Book Description
Ruby is an increasingly popular, fully object-oriented dynamic programming language, hailed by many practitioners as the finest and most useful language available today. When Ruby first burst onto the scene in the Western world, the Pragmatic Programmers were there with the definitive reference manual, Programming Ruby: The Pragmatic Programmer's Guide. Now in its Second Edition, author Dave Thomas has expanded the famous Pickaxe book with over 200 pages of new content, covering all the new and improved language features of Ruby 1.8 and standard library modules. The Pickaxe contains four major sections:
- An acclaimed tutorial on using Ruby.
- The definitive reference to the language.

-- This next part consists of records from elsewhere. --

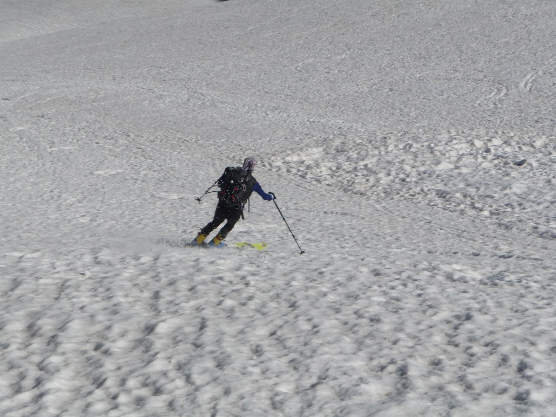 Si portano gli sci lungo il lago poi solo due metti leva in corrispondenza del colle per accedere al vallone del Carro e la morena successiva. Neve molto segnata dalla pioggia allora risaliamo a piedi fino al col d’Oin. Da qui prima discesa ore 8.00 su neve molto irregolare e ancora dura giusto due curve sotto la nord… Rimessi gli sci in spalla salita per la via normale in vetta. Discesa su neve irregolare ma cercando i pendii con esposizione est qualche curva decente si fa. Tornati al traverso risaliamo sempre sci in spalla al col d’Oin. Da qui traverso in leggera discesa e messe le pelli saliamo al Carro. Ultima discesa alle 11 circa su neve molto umida ma divertente e più si scende più migliora.
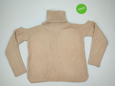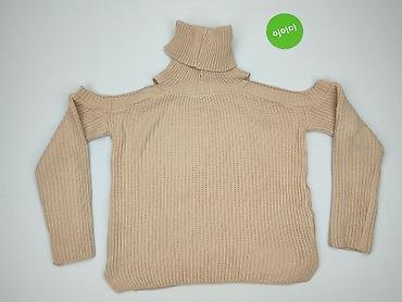 Sweter damski z golfem, beżowy, dzianina - Fason: dopasowany sweter z wysokim, szerokim golfem - Długość: do bioder - Rękawy: długie - Dzianina: grubszy, miękki splot o wyraźnej fakturze - Kolor: ...
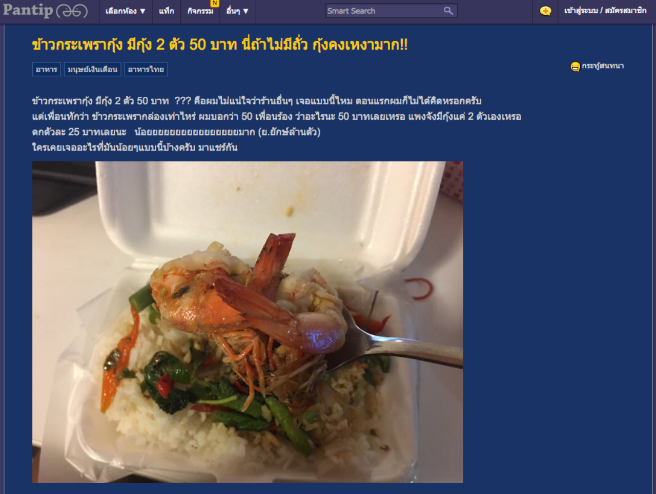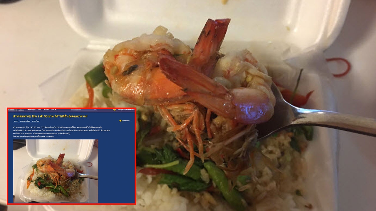 จากกรณีดราม่าร้อนๆ ในเว็บบอร์ดชื่อดังอย่างพันทิป เมื่อมีคนมาตั้งกระทู้ว่า ‘ข้าวกะเพรากุ้ง มีกุ้ง 2 ตัว 50 บาท นี่ถ้าไม่มีถั่ว กุ้งคงเหงามาก!!’ พร้อมโพสต์ภาพสุดช้ำใจเมื่อสั่งข้าวกะเพรากุ้งแถวห้วยขวางในราคา 50 บาท แต่กลับได้กุ้งเพียง 2 ตัว โดยบางความคิดเห็นมองว่า วัตถุดิบอย่างกุ้งมีราคาค่อนข้างแพง ขณะที่ บางคอมเมนต์มองว่า ให้น้อยเกินไปเมื่อเทียบกับราคา 50 บาท
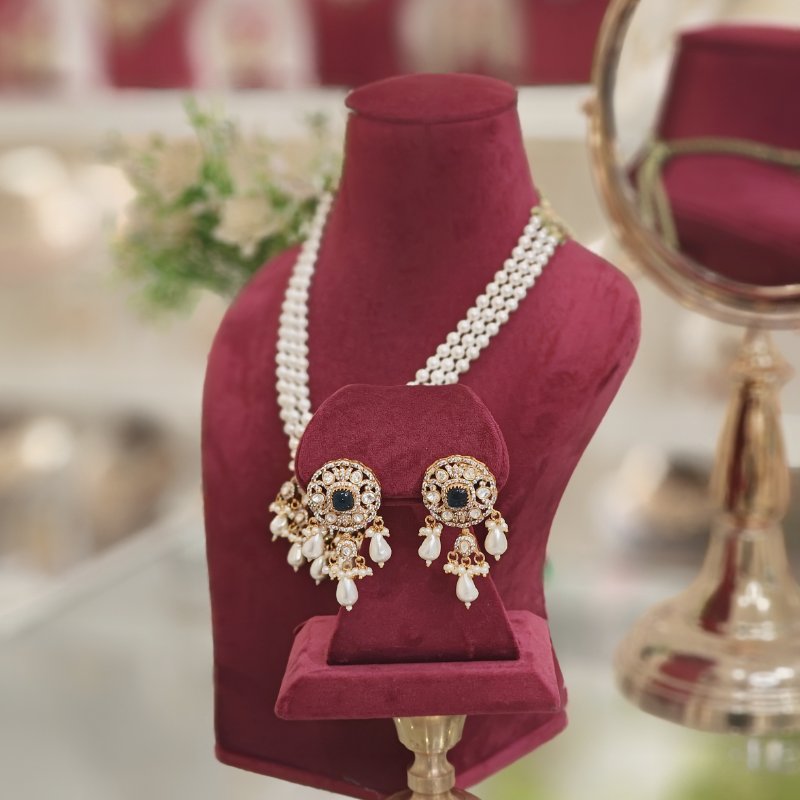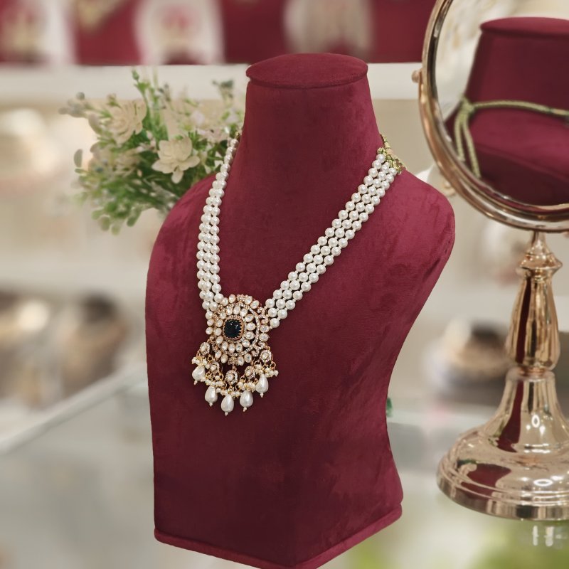 This pendant is of medium length and features stunning blue hydro stones at the center, complemented by moissanite beaded side stones. Delicate strands of pearls delicately hold the pendant in placecomplimented by beautiful pir of studs.
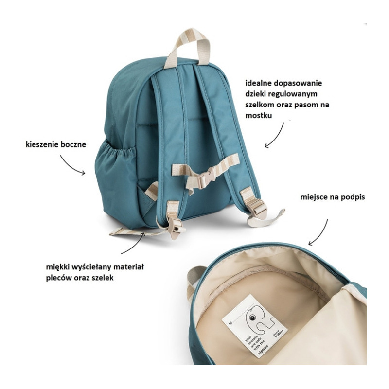 Plecak wykonany jest z trwałego, wodoodpornego materiału, który wytrzymuje codzienne małe i duże niespodzianki.
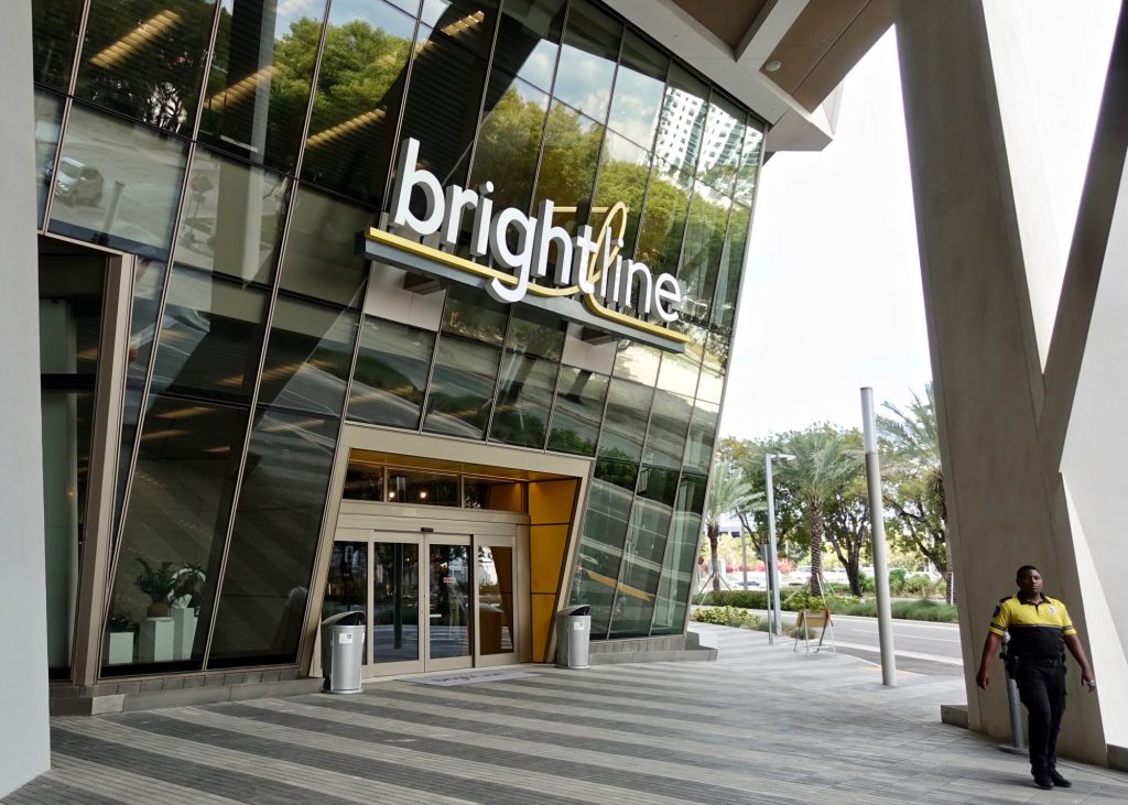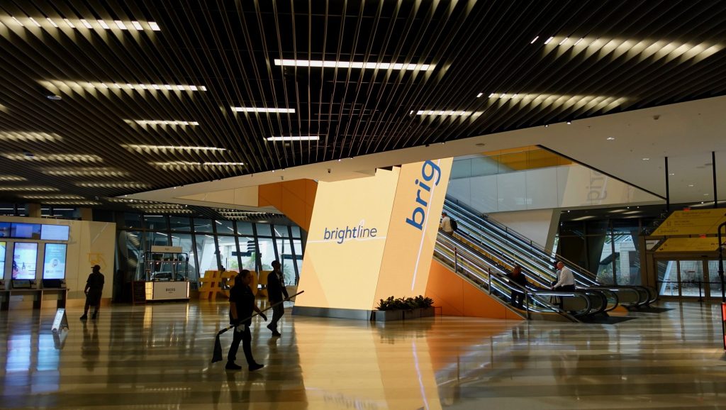Brightline currently only stops at three places, Miami, Fort Lauderdale, and West Palm Beach. All three stations are brand new and use the same style of architecture, emphasizing these V shaped patterns. I assume the railroad has a commercial stake in these tall buildings rising above the Miami station.
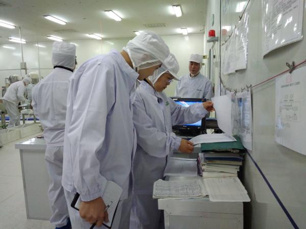 審查小組現(xiàn)場分別審查了生產(chǎn)車間、微生物實驗室、檢測中心、倉庫、空氣凈化系統(tǒng),查閱了工藝規(guī)程、質(zhì)量標(biāo)準(zhǔn)、批生產(chǎn)記錄、批檢驗記錄、環(huán)境及工藝用水檢測記錄、人員培訓(xùn)記錄等,并與有關(guān)人員進行了交流。
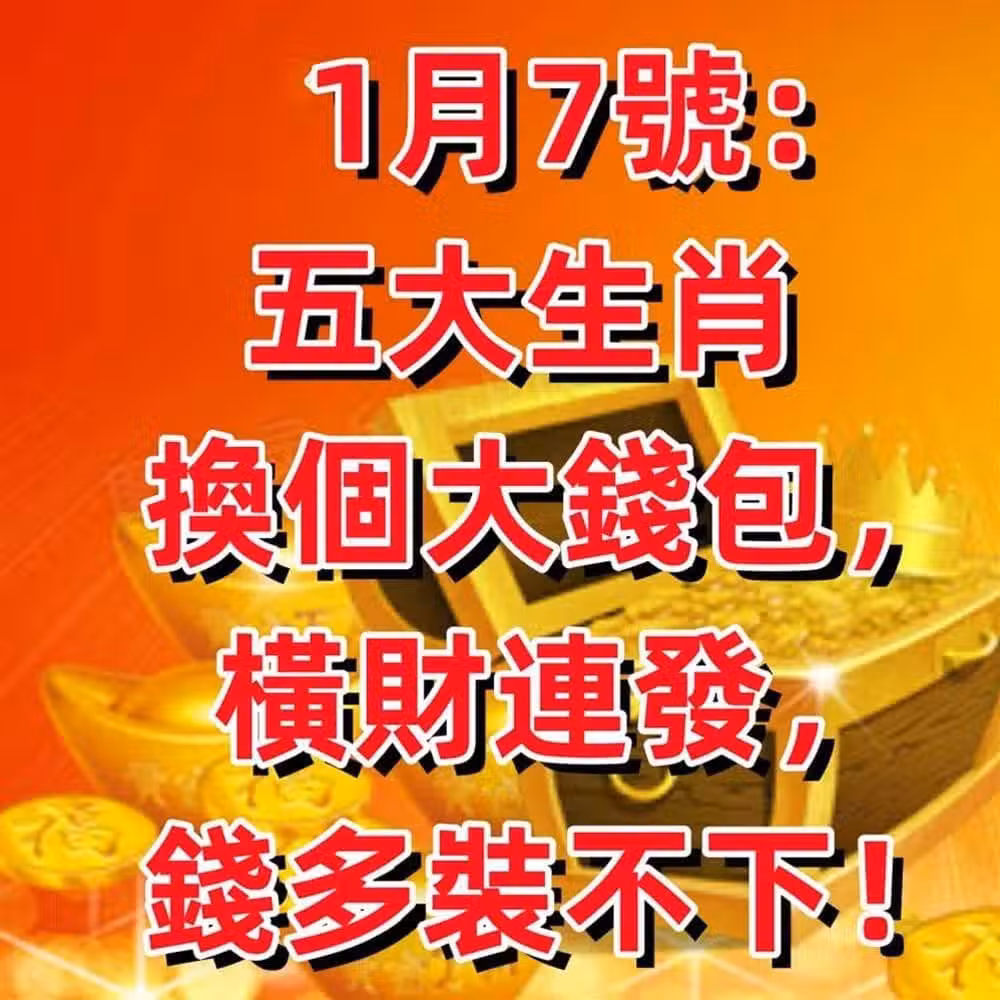 1月7號,準備換個大錢包,橫財連發,錢多裝不下的生肖!
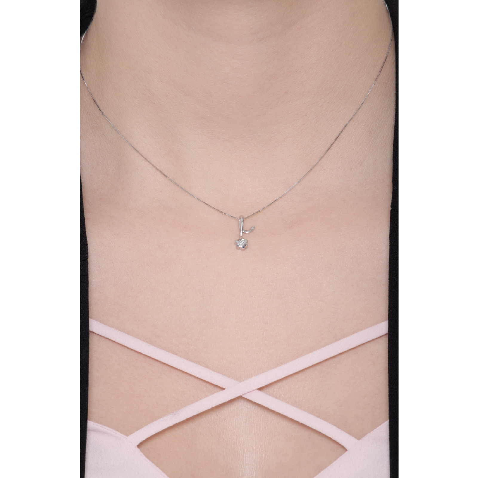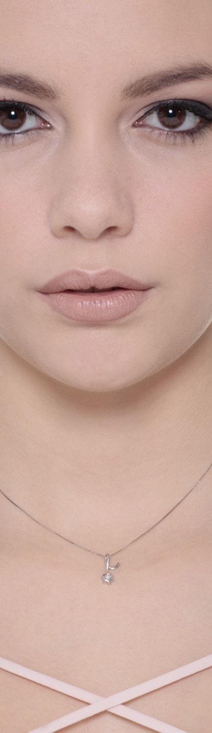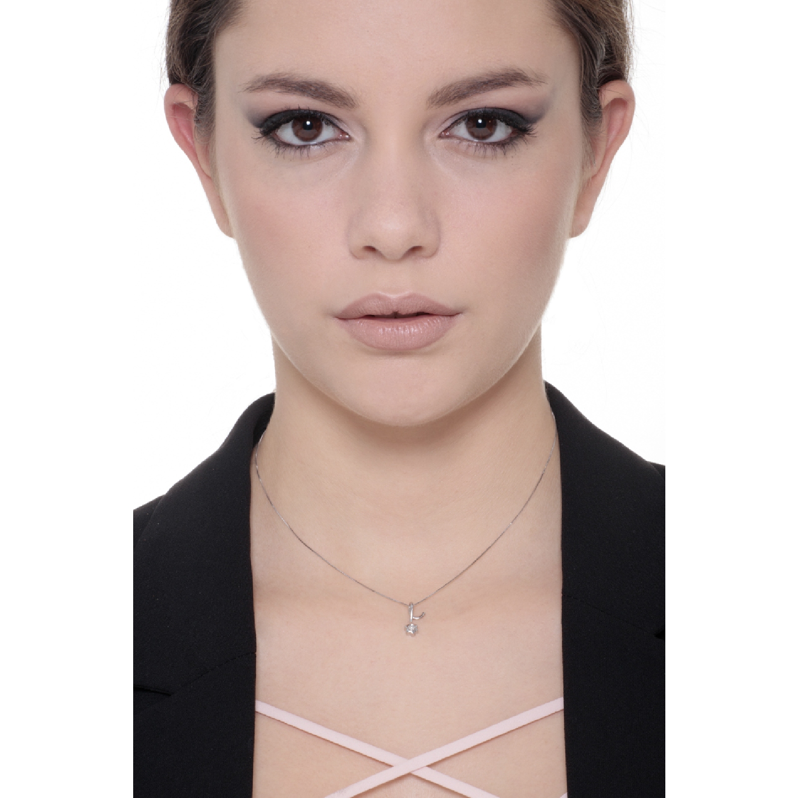 Collier avec pendentif fleur en or blanc 18k avec diamant

- Complete documentation on all built-in classes, modules, and methods
- Complete descriptions of all 98 standard libraries.
Reviews From AMAZON.COM
Essential reference
This is basically the same book as the first edition, but updated for ruby 1.8, including the many new packages that are part of the standard ruby installer. The sections on gem, RDoc, and Test::Unit were welcome additions. I would have liked to see a lot more coverage of the Win32 libraries, but at over 800 pages I suppose the author had to make some hard decisions.
You better already know how to program...
I'd suggest already knowing an OO language before you start reading this book. The book approaches its concepts backwards: It starts with the complexities (except for that intro chapter) and then teaches you the simple concepts. One of the things that was completely stupid was that it showed examples of using regular expressions for 1.5 chapters and then explained what regular expressions were afterwards. The authors do not have the common couresy to let you know they'll explain what their stuff means later.
I also agree with a previous review that says this book should be 1/3rd as long as it ended up being.
Now if you already know OO concepts, this book is great. The authors explain everything in as much detail as necessary or more (and i'd rather have more than less). They often explain something and compare it to C or C++ or Java which I like. And the book seems to be absolutely complete. You'll feel like a Ruby MASTER when you finish it. For someone that already knows OOP, the only way this book could be better would be if it were more concise.
If you're a programmer and you want to pick up Ruby, I suggest it.